→ WHAT IS EXPECTED
Your output should be the exact lines from the start of the data through the line containing "Avalokiteshvara is depicted", with no pictures.

[Records from a collection]

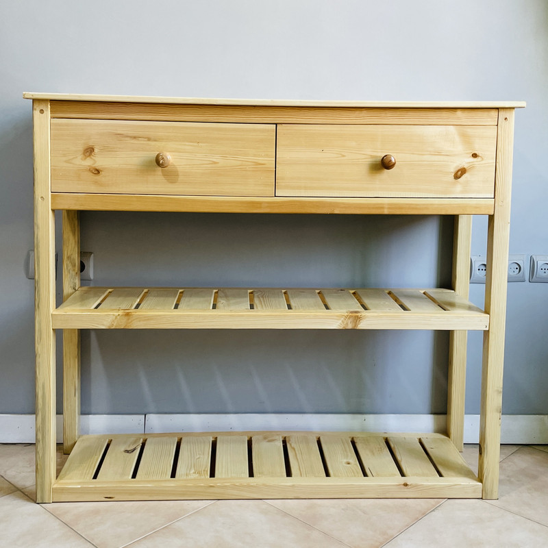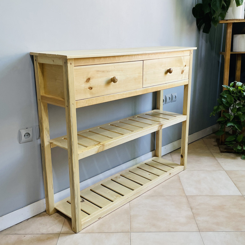 میز کنسول چوبی مدل JB500 دارای دو کشو از جنس تمام چوب روسی می باشد. سنباده کاری عالی و اجرای لایه کیلر براق کننده از ویژگی های این محصول می باشد . مدل بی رنگ این محصول فاقد هرگونه رنگ و جلایی می باشد و مناسب برای افی که می خواهند رنگ دلخواه خود را اجرا کنند می باشد.
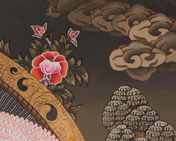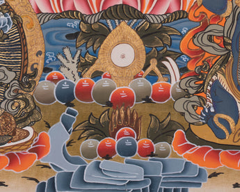 Avalokiteshvara is depicted in this powerful Thousand Armed Bodhisattva Thangka in his most magnificent form, radiating unending compassion and the capacity to help all sentient beings. This thangka was meticulously hand-painted by a professional Nepali artist, demonstrating great skill and attention to detail. It is painted on durable cotton canvas with high-quality acrylic colors, which produce brilliant and rich tones that bring the artwork to life. Genuine 24K gold is meticulously applied to numerous aspects of the painting, heightening the divine presence of the figures and lending a beautiful glow to the overall composition. The use of these materials maintains the thangka's long-lasting beauty while also preserving its intricate designs, which symbolize both artistic tradition and spiritual depth.
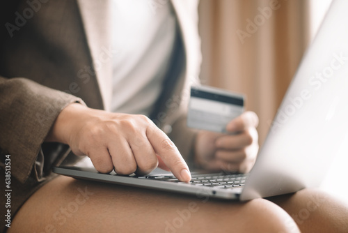 Asian woman holding credit card and using laptop computer for shopping online in website at home, e-commerce, internet banking, Technology and money transfer. Shopping and online payment concept.
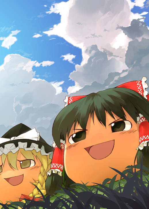 norippe (user zgsf8872), arona (blue archive), plana (blue archive), blue archive, commentary request, highres, 2girls, :d, bare arms, bare shoulders, bikini, black bikini, black hairband, blue eyes, blue hair, blue sky, blush, braid, closed mouth, cloud, collarbone, day, frilled bikini, frills, grey eyes, grey hair, groin, hair over one eye, hair ribbon, hairband, halo, innertube, long hair, multicolored hair, multiple girls, navel, open mouth, pink hair, ribbon, single braid, sky, smile, swim ring, swimsuit, two-tone hair, very long hair, water, white bikini, white hairband, white ribbon
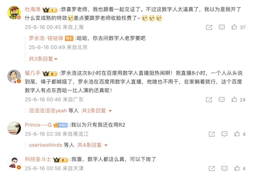 “数字分罗”出色的直播效果,让此前有些不放心的罗永浩本人都吓了一跳。直播结束后,罗永浩发微博感慨,“我和萧木的两个数字人在那儿眉来眼去,讲着跟我一样风格的段子,有点恍惚……但这就是现实。”老罗的粉丝们也不例外,纷纷留言表示“数字人太逼真了”、“比人演的还真”。
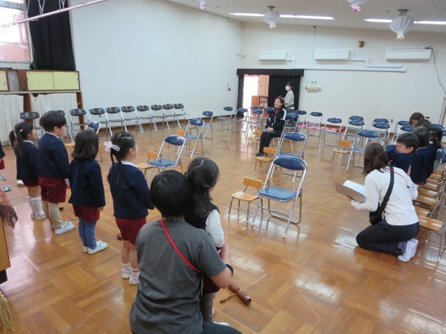 今日は、子どもたちと入園式ごっこをしました。幼稚園は楽しいところだなと思ってもらえるように、手遊びや歌の準備をしました。

→ RESULT
 میز کنسول چوبی مدل JB500 دارای دو کشو از جنس تمام چوب روسی می باشد. سنباده کاری عالی و اجرای لایه کیلر براق کننده از ویژگی های این محصول می باشد . مدل بی رنگ این محصول فاقد هرگونه رنگ و جلایی می باشد و مناسب برای افی که می خواهند رنگ دلخواه خود را اجرا کنند می باشد.
 Avalokiteshvara is depicted in this powerful Thousand Armed Bodhisattva Thangka in his most magnificent form, radiating unending compassion and the capacity to help all sentient beings. This thangka was meticulously hand-painted by a professional Nepali artist, demonstrating great skill and attention to detail. It is painted on durable cotton canvas with high-quality acrylic colors, which produce brilliant and rich tones that bring the artwork to life. Genuine 24K gold is meticulously applied to numerous aspects of the painting, heightening the divine presence of the figures and lending a beautiful glow to the overall composition. The use of these materials maintains the thangka's long-lasting beauty while also preserving its intricate designs, which symbolize both artistic tradition and spiritual depth.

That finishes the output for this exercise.